剛開始田國正等一眾捕快趕到這里的時候看到狄仁杰在尸體邊動手動腳,差點就把狄仁杰當成不法分子給抓起來了,而當狄仁杰表明自己的身份以后,田國正等人則是對狄仁杰表示出了十分的敬意,畢竟都是同一行,狄仁杰大唐第一神探的名氣早已是無人不知無人不曉了。
“狄大人,還有其他人動過尸體嗎?”
“沒有了,除了好奇打開麻袋的老百姓還有我,其他人沒動過。”
說完這句話的時候,旁邊的一個年輕捕快已經吐了,他看到那些散落在地上七零八落的尸塊內心顯然受到了巨大的沖擊。
當一個捕快將麻袋撿起來之后,到處都是蒼蠅在亂飛,爬滿了那些尸塊。
死者下身赤裸,上半身套了件殘破的深藍色麻衣。
“狄大人,您怎么看?”
狄仁杰正在地上將那些尸體碎塊拼接著,此時此刻拼好了整個上半身,沒有頭顱。
緊接著,狄仁杰伸出手按壓了這具女尸的腹部,硬梆梆的。
再然后,狄仁杰取下了一小塊尸體的盆骨,在早已準備好的開水里洗干凈,緊接著觀察起這塊盆骨表面的凹凸。
“這個女人已經死了五天以上,年齡大概在二十歲到二十五歲左右。”狄仁杰說道。
“五天?這么久了?”
田國正顯然也是一個富有經驗的老捕快,他跟著觀察了一陣,立刻便站起身來發出了一聲大吼。
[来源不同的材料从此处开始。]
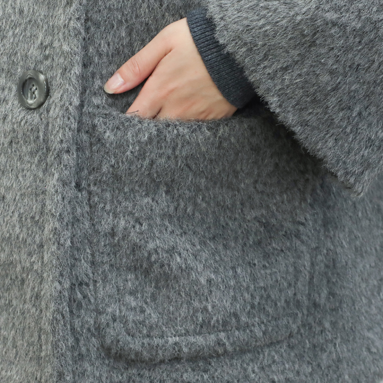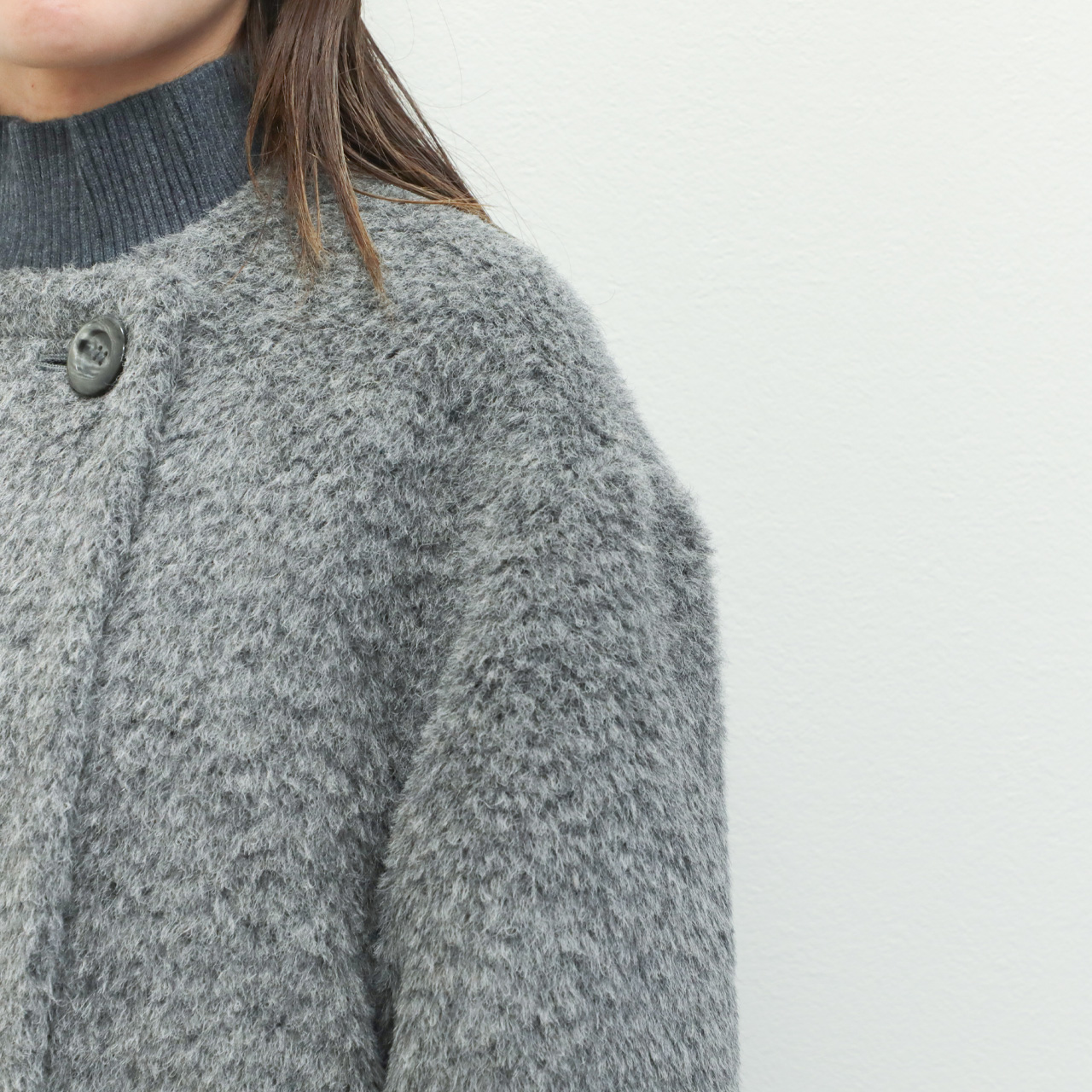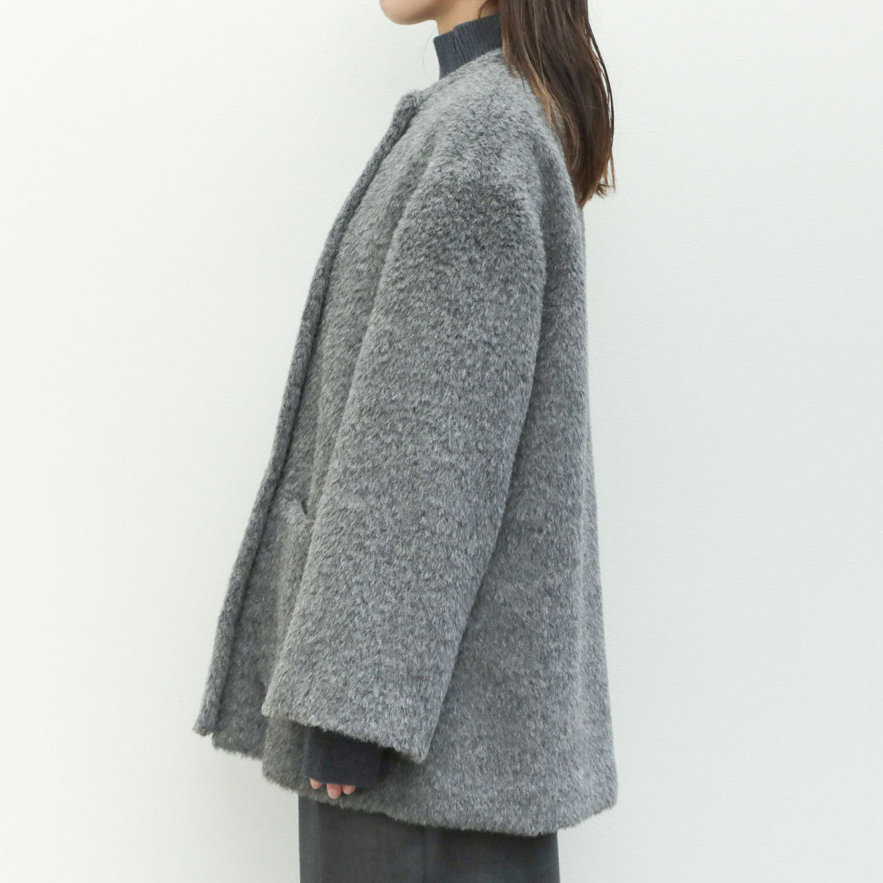 今季は昨年好評だったアルパカシャギー地を使用し新作をオーダー。フェミニンさが引き立つノーカラー+Aラインシルエットが目を惹きます。

“通知衙里的兄弟們,迅速在全城內張貼布告,看看有沒有哪家人的女兒失蹤了,快!”
“把尸體的所有特征都給我記好了,左臂內側有一顆痔,包括這件藍色麻衣。”
田國正吩咐完這件事立刻和狄仁杰開始著手繼續觀察尸體起來。
狄仁杰轉身看了一眼四周,這才發現老百姓們站在遠處指指點點,他和田國正當即考慮到了影響,便立刻吩咐人將這些尸體帶回衙署里去。
狄仁杰本來是打算離開這里的,因為他的身上還有很重要的事情要去做,但是自己既然作為最早發現尸體且動過尸體的人,再加上田國正的查案邀請,所以他決定暫時在襄陽呆上個一兩天。
發現無頭女尸的這一晚,狄仁杰失眠了,同樣失眠的還有田國正等人,衙署里捕快們走來走去,到處都是嘈雜的聲音。
田國正大發雷霆,襄陽城已經很久沒有發生命案了,而且還是這么殘忍的一起命案。
無頭女尸就躺在驗尸房里,沒有名字,沒有來歷,安靜,孤獨,冷酷。
狄仁杰為了整理細節,分析案情,在確定基本的查案思路之前,他申請親自再驗一次尸。
十分鐘后,在田國正的陪同下,他們兩人來到了鴉雀無聲的驗尸房里。
狄仁杰的辦案生涯里有一句信條,只有越接近尸體甚至是變成尸體,才能越接近兇手。
一般驗尸這種事情都是交給法醫來做的,田國正在看到狄仁杰親自驗尸的這一幕后滿頭大汗,今天在河邊的時候他就覺得狄仁杰厲害地有些了不得,既然連拼接尸體這種活都能眼不眨心不跳地做完,當時他的心里既是佩服,又是感慨,而當他此時此刻看到狄仁杰拿著一把解剖刀在無頭女尸的身體上開始解剖的時候,田國正終于忍不住轉過頭去了。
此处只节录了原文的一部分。